I wait until both men retreat into the grass and take off, kicking up sand as I streak across the shore. The wooden planks of the dock give under my feet with creaking sounds that make me wince. I have a minute, tops, before the men will return with new stacks of boxes.
As I edge along the boat, the clouds shift. Moonlight illuminates the white paint, making it glow against the pitch-black waves slapping the hull. And there, faintly, are traces of an old logo someone has taken pains to sand off. If I didn’t know the image so well, my mind might nothave made sense of the faint Fs wrapped around three sharp spears of a trident.
But I do know it: the sign of the Fortenot Fishing Company. Which means Laney was right. The Company is doing something outside official channels, literally in the dark. What was Fred up to? And did it get him killed?
I need to know what’s inside those boxes.
Silently cursing myself for the spectacularly bad idea, I place two hands on the railing of the boat and use all my strength to heft myself up and over the side, tumbling onto the dark floor with a grunt I immediately regret.
I need to make my search lightning fast. I stagger to my feet and feel my way around with one hand flat against the wall. I can’t see anything and halfway hope I’ll walk into a wall of boxes, but there’s nothing.
They must be hiding them inside the boat. Of course—if they don’t want people to see, that would be smartest.
The boat lifts and falls, buoyed by waves, and I try to keep my balance as I search for an entrance to the inside: a door, hallway, hatch.
My hand collides with a metal handle and I clutch my fingers, silently screaming at the pain. The door has announced itself.
As I reach for it, two glimmers of light catch my attention. I turn. On the shore, twin orbs bob in the dark.
Flashlights.
The dock groans under the men’s feet. I was too focused and didn’t notice them emerge out of the grass. Now they’re practically at the boat, at my back.
How will I escape?
“You hear something?” asks a rough voice with a thick northern accent. I almost jump at how close it is, then inch back slowly, shoulders sliding against the boat, heart thundering so violently I worry they’ll hear it.
“Just the waves,” says a second voice, colder. “Sea’s getting a little rough.” He sniggers. “Can’t take a country boy out on the water, I see.”
“It was a footstep,” the first insists, and I hear the horrifying sound of his feet landing on the floor of the boat.Thump.
My back hits a cold metal railing. I press one hand to my mouth and the other to my chest, as if to hold my heart still.
“Paranoid,” says the cold man. Another thump sounds as he lands in the boat.
“Fuck you. I’m looking.”
The clouds have passed back over the moon, snuffing out the light. Behind me, it’s so dark I can’t see where the sky meets the water—can only hear the waves, a half second of pregnant silence as they lift, then the clap as they crash against boat.
Shoes scuff around the corner as the man who can sense me begins inspecting. There’s no more time for paralyzing panic. I can’t let them find me. There’s only one way out.
I take a big gulp of air, hitch a leg over the railing, and let go.
I fall for longer than expected through the pitch-black air, and in my disorientation I think somehow I’m soaring up instead of hurtling down. It makes the gut punch of the waves an even greater shock, and I’m so surprised by the sudden salty cold that I nearly gasp, releasing the air in my lungs. The inky sky is replaced by the inky water and now I truly cannot tell which way is up or down, if I’m sinking to the ocean floor or floating to the moon, on my way to Heaven or Hell, if there is even any difference between them after all.
14
NOW
In the past few days, I’ve been a woman who has lied to authorities, who has hardened her resolve into a diamond in her chest, who has thrown herself into the sea, who has crawled, gasping, across the wet sand of the inlet’s farthest shore, and now, one day later, I’m a woman getting served breadsticks and Barefoot wine in Bottom Springs’s best attempt at an Italian restaurant. Which is also the only restaurant in town.

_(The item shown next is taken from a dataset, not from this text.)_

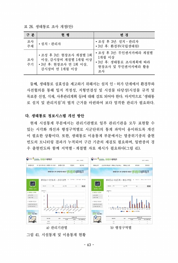 63 구 분 현 행 변 경 조사 주체 ? 설치·관리자 ? ? 조성 3년 후후환경부 3년설치 국립생태원 ·관리자 조사 주기 ? 조성 후 3년현장조사 계절별 1회 이상, 감시장비 계절별 1개월 이상 ? 3년 후현장조사 연 1회 이상, 감시장비 연 1개월 이상 ? 조성 후 3년무인센서카메라 계절별 1개월 이상 ? 3년 후생태통로 조사계획에 따라 현장조사 및 무인센서카메라 활용 조사 표 26. 생태통로 조사 개정 안 둘째, 생태통로 실효성을 제고하기 위해서는 설치 인·허가 단계에서 환경부와 사전협의를 통해 입지 적정성, 지형연결성 및 시설물 타당성 시설물 규격 및 목표종 선정, 식재, 사후관리계획 등 에 대해 검토 되어야 한다. 마지막으로 `생태통 로 설치 및 관리지침의 법적 근거를 마련하여 보다 엄격한 관리가 필...
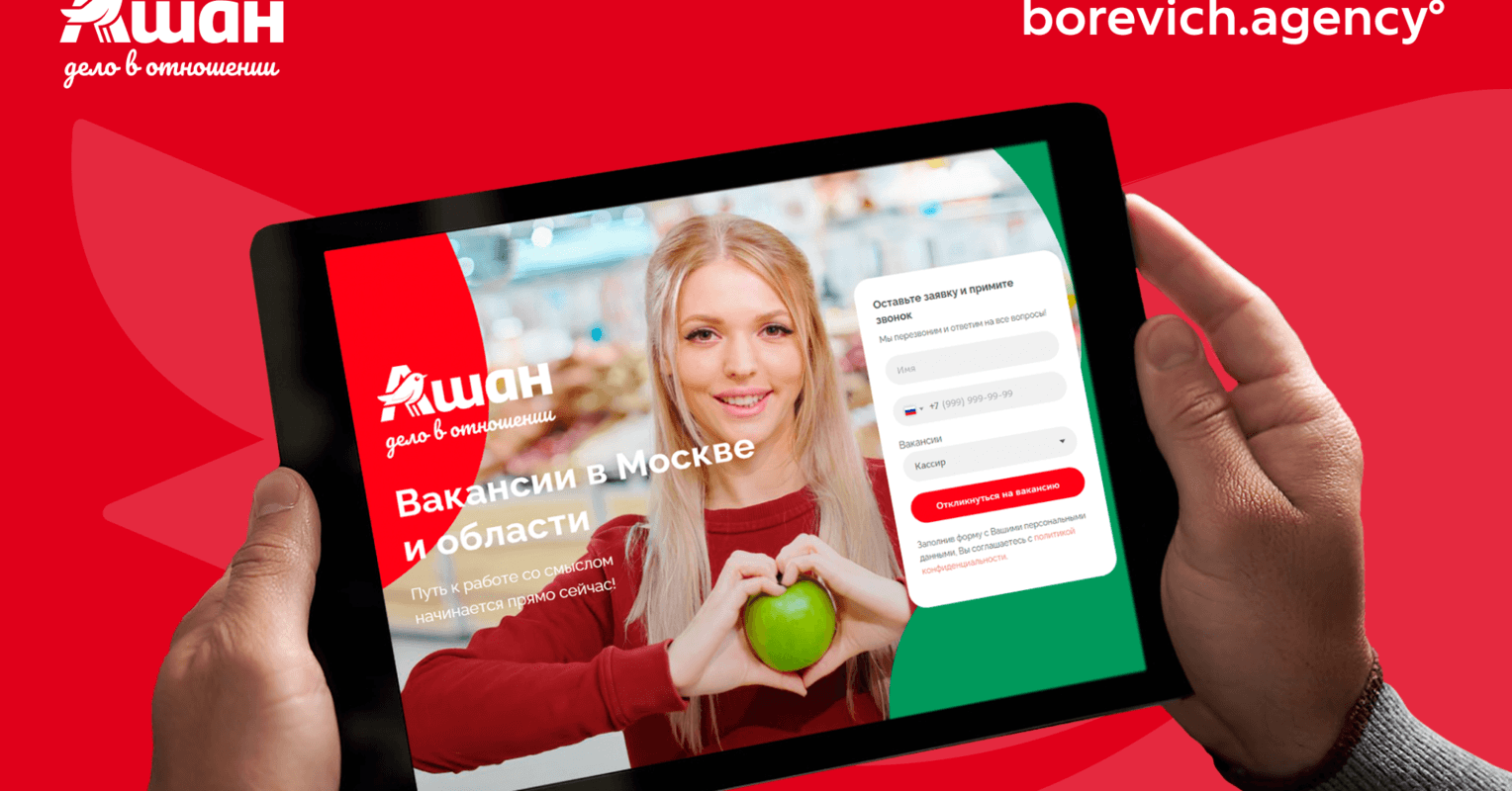 Задача посадочной страницы заключалась в том, чтобы отразить ценности компании и привлечь кандидатов, ориентированных на карьерный рост. Акцент был сделан на том, что АШАН — это не просто бизнес, а компания с душой, где важна команда, корпоративная культура и возможности для развития. Это помогло выделить компанию среди конкурентов и привлечь более мотивированных сотрудников.

“She’ll have a glass of the bubbles,” Barry tells the waitress, an older woman named Jo who used to babysit me.
“It’s okay,” I murmur, catching Jo’s eye. “I don’t really drink.”
“Actually, why don’t you leave the whole bottle?” Barry beams at Jo, exuding that easy confidence that’s always fascinated me. “It’s going to be a night to celebrate.”
Unsurprisingly, Jo sides with Barry. She leaves the bottle on my side of the table. It sweats like a person facing the barrel of a gun.